Nel Mumonkan (una raccolta di quarantotto koan scritta dal monaco Mumon, 1183-1260) si trova una frase che mi ha sempre incuriosito: “Se incontri il Buddha sulla tua strada uccidilo”. Io non sono un esperto di zen, anzi. Però so che tutto ciò che è zen si presta a molteplici interpretazioni. La mia interpretazione di questa frase è la seguente: “Se incontri un maestro nella tua vita sbarazzatene appena puoi, altrimenti ti impedirà di proseguire”.

Quando ho iniziato ad appassionarmi ai lavori di Beckett mi sono reso conto di trovarmi di fronte ad un autore che stava occupando tutto il mio immaginario artistico.
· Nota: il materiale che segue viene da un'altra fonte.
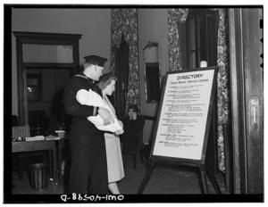 Washington, D.C. Hugh and Lynn Massman consulting the directory of the United Nations Service Center. Newly arrived in Washington, they find they can leave their baby in the nursery while they go sightseeing

Non riuscivo più a leggere un libro o ad andare a teatro senza valutare – spesso inconsciamente – le affinità e le divergenze con l’opera del maestro. Bisognava sbarazzarsi di questo ingombrante Buddha-Beckett…
Come si può uccidere qualcuno che è già morto? Se è un artista – mi sono detto – forse è possibile: esaurendo la conoscenza della sua opera. Allora anziché limitarmi a “leggere” Beckett ho iniziato a “studiarlo”: leggendo saggi, biografie, cercando notizie su Internet, scrivendo piccole schede critiche di ogni suo lavoro, cercando ogni volta fonti, collegamenti e interpretazioni.
www.samuelbeckett.it, in rete dall’agosto del 2003, è il frutto di tutto questo. Non so a che punto del lavoro mi trovo, ma questo sito può considerarsi davvero il risultato del lento omicidio che sto compiendo.

Federico Platania

In copertina Federico Platania e Samuel Beckett mentre osservano due scimmie che giocano a scacchi (nel caso ve lo stiate chiedendo: sì, è un fotomontaggio).